→ AVAILABLE DATA:

··········

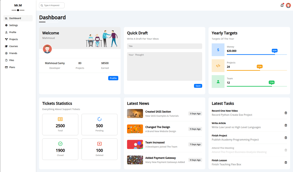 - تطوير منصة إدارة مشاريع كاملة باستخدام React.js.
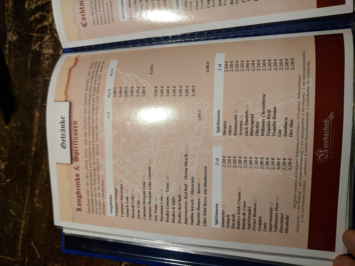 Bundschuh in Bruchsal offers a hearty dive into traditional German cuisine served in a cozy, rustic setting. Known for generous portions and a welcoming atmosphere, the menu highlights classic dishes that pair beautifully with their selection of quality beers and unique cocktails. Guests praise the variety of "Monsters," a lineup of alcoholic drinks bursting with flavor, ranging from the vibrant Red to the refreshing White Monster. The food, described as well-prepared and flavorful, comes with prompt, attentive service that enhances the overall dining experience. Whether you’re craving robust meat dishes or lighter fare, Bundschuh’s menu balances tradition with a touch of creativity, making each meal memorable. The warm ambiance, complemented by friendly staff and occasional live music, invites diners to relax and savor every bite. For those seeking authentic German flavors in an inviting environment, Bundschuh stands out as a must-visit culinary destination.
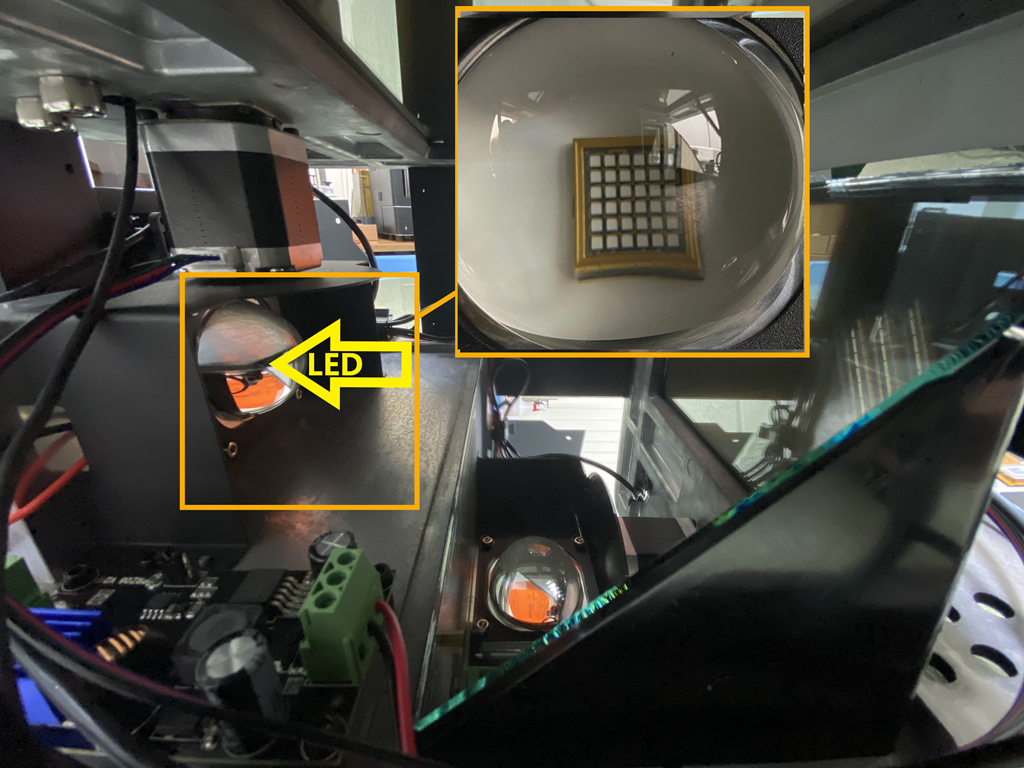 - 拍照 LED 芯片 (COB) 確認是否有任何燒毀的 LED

··········

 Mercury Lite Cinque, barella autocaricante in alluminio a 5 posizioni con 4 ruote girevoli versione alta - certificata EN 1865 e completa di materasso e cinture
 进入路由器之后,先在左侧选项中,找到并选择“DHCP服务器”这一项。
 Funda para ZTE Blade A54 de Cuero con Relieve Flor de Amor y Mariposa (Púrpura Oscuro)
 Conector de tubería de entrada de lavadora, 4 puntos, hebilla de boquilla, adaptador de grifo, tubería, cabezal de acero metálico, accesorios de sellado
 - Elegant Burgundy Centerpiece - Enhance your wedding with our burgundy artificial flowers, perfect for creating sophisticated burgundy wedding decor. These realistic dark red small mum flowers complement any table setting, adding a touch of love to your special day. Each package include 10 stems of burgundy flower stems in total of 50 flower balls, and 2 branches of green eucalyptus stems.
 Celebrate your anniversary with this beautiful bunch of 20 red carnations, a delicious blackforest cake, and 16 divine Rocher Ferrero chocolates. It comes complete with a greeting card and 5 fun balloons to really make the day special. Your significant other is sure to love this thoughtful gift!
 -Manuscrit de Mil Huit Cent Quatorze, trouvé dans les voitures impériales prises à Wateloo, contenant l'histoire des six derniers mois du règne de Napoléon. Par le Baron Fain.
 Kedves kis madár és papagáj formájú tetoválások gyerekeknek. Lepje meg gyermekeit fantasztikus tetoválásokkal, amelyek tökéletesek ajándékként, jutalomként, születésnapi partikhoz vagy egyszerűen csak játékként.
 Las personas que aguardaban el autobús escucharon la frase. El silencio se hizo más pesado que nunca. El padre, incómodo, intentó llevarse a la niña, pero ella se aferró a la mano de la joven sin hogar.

··········

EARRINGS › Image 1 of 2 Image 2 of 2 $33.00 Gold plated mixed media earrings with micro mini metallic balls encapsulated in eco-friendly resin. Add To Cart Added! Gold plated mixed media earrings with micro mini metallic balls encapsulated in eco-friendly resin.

··········

→ ACTION ITEM:
Using only the listing above, restate exactly the lines from the line containing "- Elegant Burgundy" through the line containing "Celebrate your anniversary", both included.

→ REPLY:
 - Elegant Burgundy Centerpiece - Enhance your wedding with our burgundy artificial flowers, perfect for creating sophisticated burgundy wedding decor. These realistic dark red small mum flowers complement any table setting, adding a touch of love to your special day. Each package include 10 stems of burgundy flower stems in total of 50 flower balls, and 2 branches of green eucalyptus stems.
 Celebrate your anniversary with this beautiful bunch of 20 red carnations, a delicious blackforest cake, and 16 divine Rocher Ferrero chocolates. It comes complete with a greeting card and 5 fun balloons to really make the day special. Your significant other is sure to love this thoughtful gift!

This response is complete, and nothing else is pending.